Abstract

The purpose of this study is to build an optimal hybrid wind power system consisting of a permanent magnet direct-drive wind power generation unit, a hybrid energy storage system (HESS), a power electronic converter, and loads. Moreover, a reasonable control method is designed for each part, and a honey badger algorithm (HBA) with differential evolution strategies is employed to realize the coordinated control of each unit and improve the system stability. The real anti-interference capability of wind power system can be improved by the proposed HBA with differential evolution strategies (IHBA). Firstly, the wind hybrid system model is constructed, in which the wind power generation unit adopts the variable step climbing method to achieve the maximum power point tracking control; the HESS designs the power distribution method based on the bus voltage; the converter supplying energy to the AC load introduces the virtual synchronous generator (VSG) control strategy.
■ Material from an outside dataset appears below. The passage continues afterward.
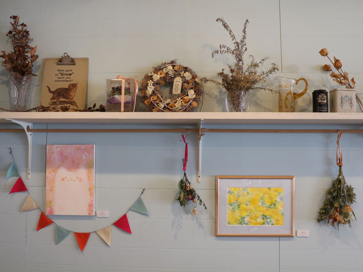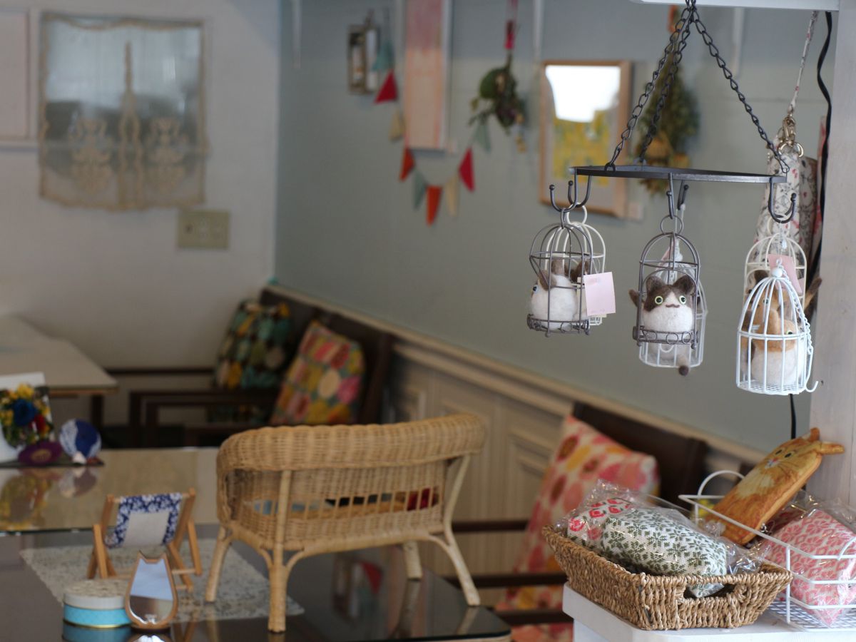 「オリオンのニャンズ」のほかにも、店内にあるミニチュア小物は、お客さんが持ってきてくれたものがたくさん。忘れ物かな?と思ったら、お客さんがさりげなく置いて帰っていたそうです。また、ハンカチーフや缶ミラーなど、持っていたら便利な小物の販売もしています。

Secondly, due to the existence of energy exchange in each unit of the system, VSG has more parameters and its control performance is influenced by the system itself, this study proposes HBA with differential evolution strategies for system parameter optimization and constructs an IHBA-VSG model with the objective of minimizing the bus voltage fluctuation value. The IHBA improves original honey badger algorithm by three mechanisms which are time control function, Gaussian variation factor and differential evolution strategy. Finally, the parameters obtained from the HBA with differential evolution strategies optimization search are substituted into the wind hybrid system, and the simulation system is built by MATLAB/Simulink. The simulation results show that when the environment of the system changes or the load on the AC side changes abruptly, the proposed control method can reduce the bus voltage fluctuation by 2.9%− 18.22% compared with the honey badger algorithm Optimized VSG (HBA-VSG), and can reduce the bus voltage fluctuation by 5.09%− 17.98% compared with the traditional droop control without considering the system interaction. This study can effectively improve the stability of wind power generation system and promote the development of new energy industry.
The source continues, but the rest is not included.